[PATCH] D18328: [CUDA] Add option to mark most functions inside <complex> as host+device.

Mon Mar 21 14:54:26 PDT 2016

jlebar added a comment.

Thanks for the suggestions, Richard.  I'm not sure any of them will work, but I don't defend this patch as anything other than a hack, so if we can come up with something that works for what we need to accomplish and is cleaner, that's great.

In http://reviews.llvm.org/D18328#379824, @rsmith wrote:

> I would much prefer for us to, say, provide a <complex> header that wraps the system one and does something like
>
>   // <complex>
>   #pragma clang cuda_implicit_host_device {
>   #include_next <complex>
>   #pragma clang cuda_implicit_host_device }

We considered this and ruled it out for two reasons:

1. We'd have to exclude operator>> and operator<<, presumably with additional pragmas, and
2. We'd have to exclude everything included by <complex>.

Of course with enough pragmas anything is possible, but at this point it seemed to become substantially more complicated than this (admittedly awful) hack.

> or to provide an explicit list of the functions that we're promoting to `__host__` `__device__`

The problem with that is that libstdc++ uses many helper functions, which we'd also have to enumerate.  Baking those kinds of implementation details into clang seemed worse than this hack.

> or to require people to use a CUDA-compatible standard library if they want CUDA-compatible standard library behaviour.

I think asking people to use a custom standard library is a nonstarter for e.g.
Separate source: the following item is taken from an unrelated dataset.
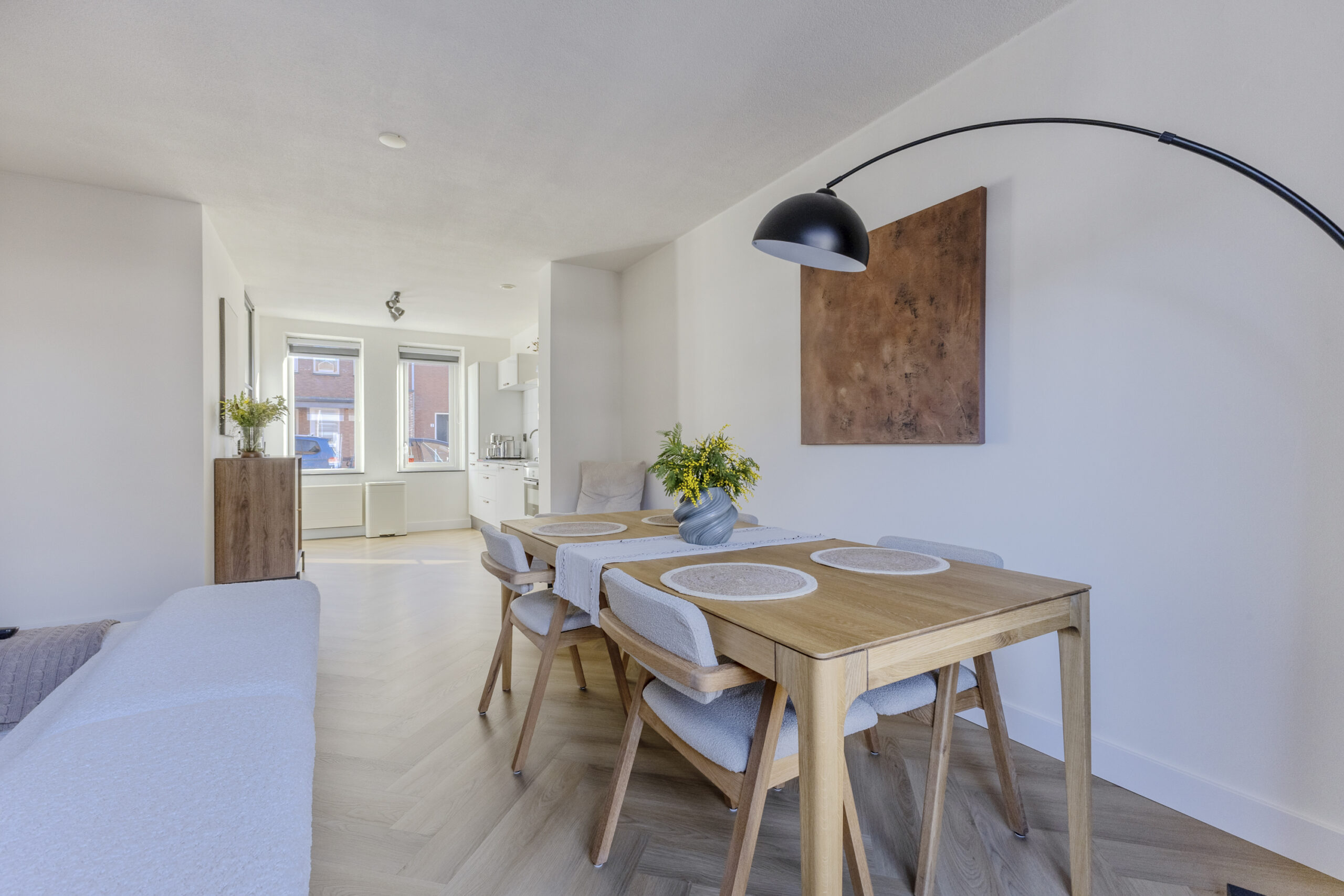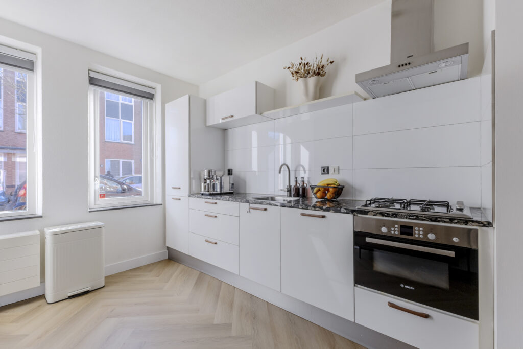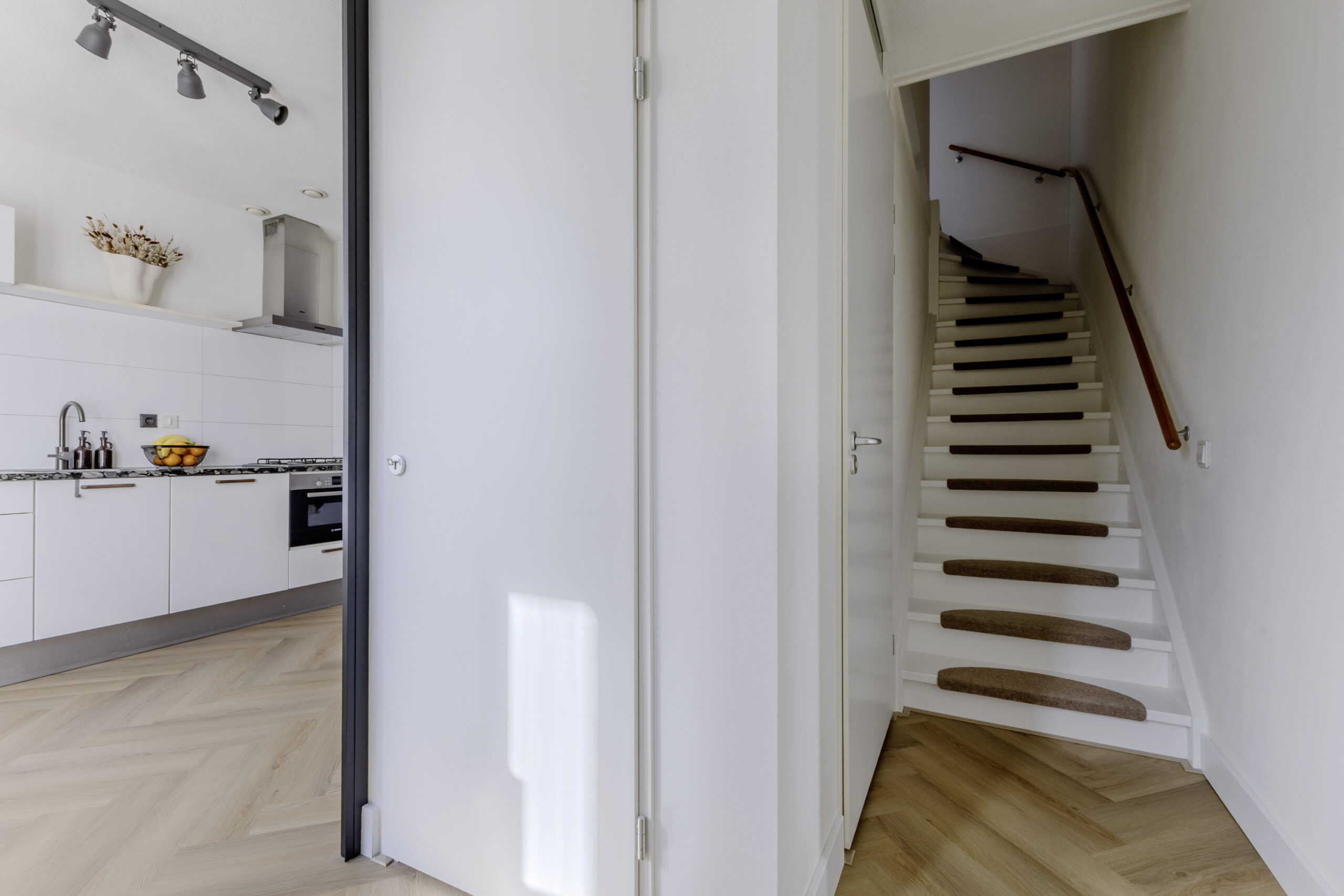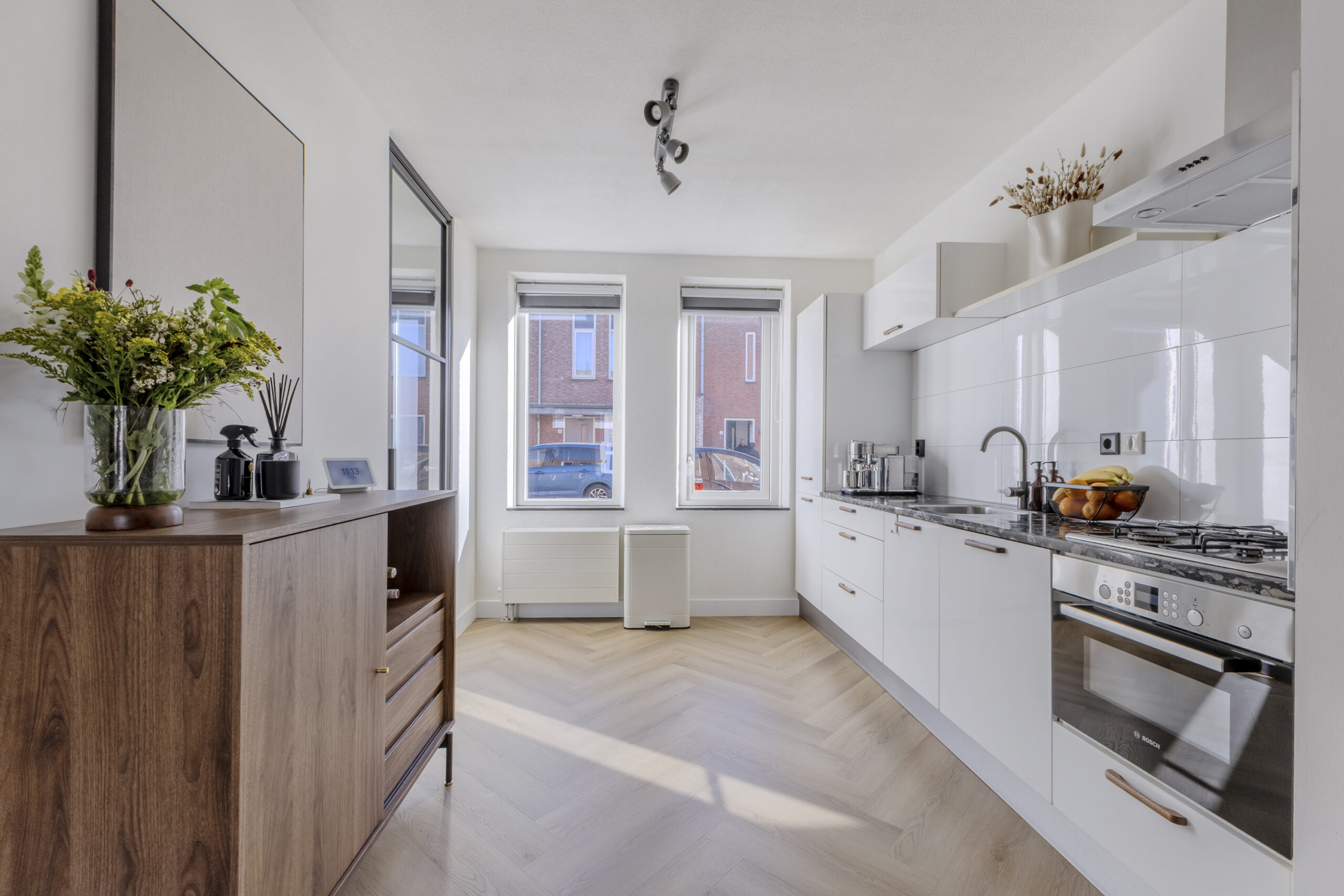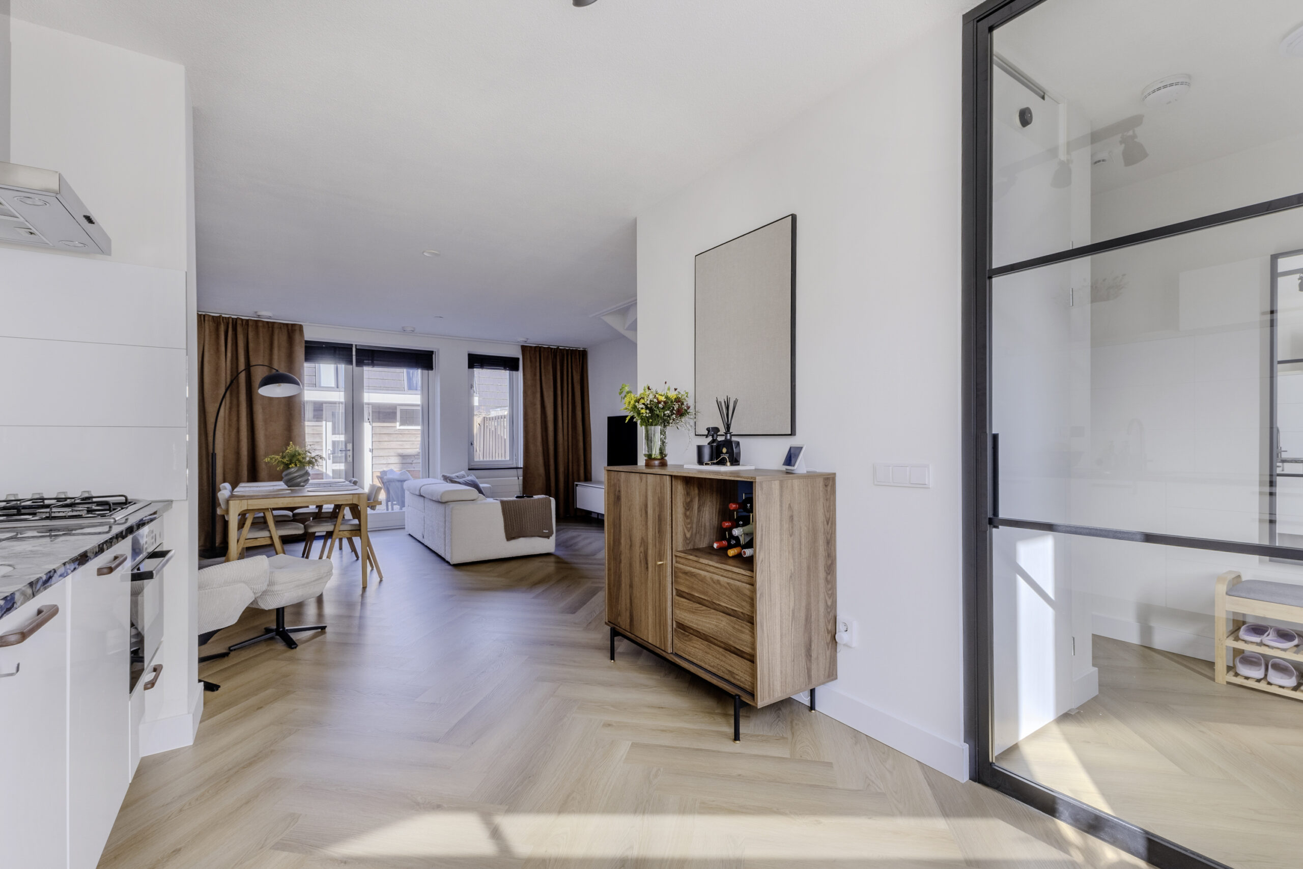 Bij binnenkomst valt direct de verzorgde en sfeervolle uitstraling op. Via de statige tussendeur kom je in de woonkeuken en woonkamer. De begane grond is afgewerkt met een prachtige visgraatvloer, die zorgt voor een warme en luxe uitstraling. De keuken is netjes uitgevoerd en voorzien van diverse inbouwapparatuur, waaronder een vaatwasser, koelkast, vriezer en oven. De woonkamer is ruim opgezet en heeft een prettige indeling met volop plek voor een comfortabele zithoek en een eettafel. Dankzij de grote ramen en de openslaande deuren naar de tuin valt er veel natuurlijk licht naar binnen, waardoor een fijne en open verbinding ontstaat tussen binnen en buiten.

OSS tensorflow, and I suspect it would be a considerable amount of work to accomplish in google3.  (Not to suggest that two wrongs make a right, but we already have many similar hacks in place to match nvcc's behavior with standard library functions -- the main difference here is that we're spelling the hack in clang's C++ as opposed to in __clang_cuda_runtime_wrapper.h.)

http://reviews.llvm.org/D18328